There has been a fundamental change in consumer preferences towards shopping and leisure activities. Consumers now commonly use mobile phones while in store to compare product prices. Retailers rely on digital newspapers, social networks and user reviews to connect with consumers. They have become more competitive by offering products from multiple sectors. For example, fresh food can now be found in pharmacies and convenience stores rather than just supermarkets. Another strategy has been entrenching private-label brands. In-store brands focus on the product qualities that consumers desire (often informed by data gathered via loyalty club membership), while eliminating additional expenses. Consumers benefit through often lower prices while retailers earn higher margins than on external brands. Successful retailers have further attempted to evolve the physical shopping experience by turning traditional shops into places of learning and experimentation for customers. Book stores now routinely offer speaker events and a cafe. By adding value to in-store experiences, physical outlets attempt to differentiate themselves from online platforms. However, as retailers have developed their online-presence, they have done so in a way that complements physical outlets, not least by reducing the hassle of deliveries by permitting customers to collect in store. To reduce costs, when goods are ordered by consumers companies will first consider the likelihood of that good being sold at full price from one of its physical locations before dispatching.
According to the British Retail Consortium, UK retail sales have decreased by 1.7% since September 2018 on a like-for-like basis. In addition, there was a 3.2% decrease in the sale of non-food items in-store, which was greater than the total decline of 2.9% (12-month average). Some producers have begun to skip over retailers and sell their goods directly to consumers. Hire-purchase and after-market businesses also undermine traditional retailer sales.

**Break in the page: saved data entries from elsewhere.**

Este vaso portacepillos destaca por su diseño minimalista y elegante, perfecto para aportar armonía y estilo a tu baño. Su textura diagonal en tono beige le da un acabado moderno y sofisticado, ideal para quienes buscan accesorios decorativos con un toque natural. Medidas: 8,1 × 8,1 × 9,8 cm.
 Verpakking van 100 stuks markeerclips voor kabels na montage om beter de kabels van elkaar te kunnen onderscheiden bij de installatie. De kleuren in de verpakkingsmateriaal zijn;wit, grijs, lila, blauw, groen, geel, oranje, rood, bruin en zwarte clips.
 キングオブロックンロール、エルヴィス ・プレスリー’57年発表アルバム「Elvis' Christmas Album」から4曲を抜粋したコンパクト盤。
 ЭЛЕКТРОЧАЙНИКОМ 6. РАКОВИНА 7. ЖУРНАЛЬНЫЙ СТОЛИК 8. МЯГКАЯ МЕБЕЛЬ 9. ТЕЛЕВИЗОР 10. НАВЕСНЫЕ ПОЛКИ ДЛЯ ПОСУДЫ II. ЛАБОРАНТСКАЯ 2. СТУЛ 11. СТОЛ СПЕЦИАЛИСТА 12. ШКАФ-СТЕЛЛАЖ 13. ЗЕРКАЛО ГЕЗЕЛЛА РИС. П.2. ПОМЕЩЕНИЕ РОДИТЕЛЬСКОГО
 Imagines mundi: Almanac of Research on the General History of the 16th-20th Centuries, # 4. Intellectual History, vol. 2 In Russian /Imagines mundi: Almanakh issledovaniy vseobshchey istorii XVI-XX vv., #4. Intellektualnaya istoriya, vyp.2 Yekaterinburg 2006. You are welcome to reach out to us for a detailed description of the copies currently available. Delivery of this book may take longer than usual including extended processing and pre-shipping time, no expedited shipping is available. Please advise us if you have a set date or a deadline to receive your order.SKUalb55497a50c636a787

Following four months of negative sales growth since the end of Q1 2019, Brexit uncertainty appears to be a source of industry-wide anxiety. Chief executive of the BRC, Helen Dickinson OBE stated, ‘Clarity is needed over our future trading relationship with our closest neighbours, and it is vitally important that Britain does not leave the EU without a deal’. The uncertainty of Brexit worries food and drug retailers in particular, with uncertainty around potential customs checks increasing fears of disrupted supply chains and delivery delays. In the final quarter of the year as winter approaches, Britain becomes more reliant on imported fruits and vegetables. According to the BRC, Britain imports about half of its food with a third overall coming from the EU, on a just-in-time basis.
Deloitte has surveyed UK consumer confidence levels as four points lower than a year ago. Confidence in household disposable income has remained unchanged while confidence in levels of debt has decreased by 3%. Waning confidence in personal finances may indicate consumers’ concern with future economic uncertainty.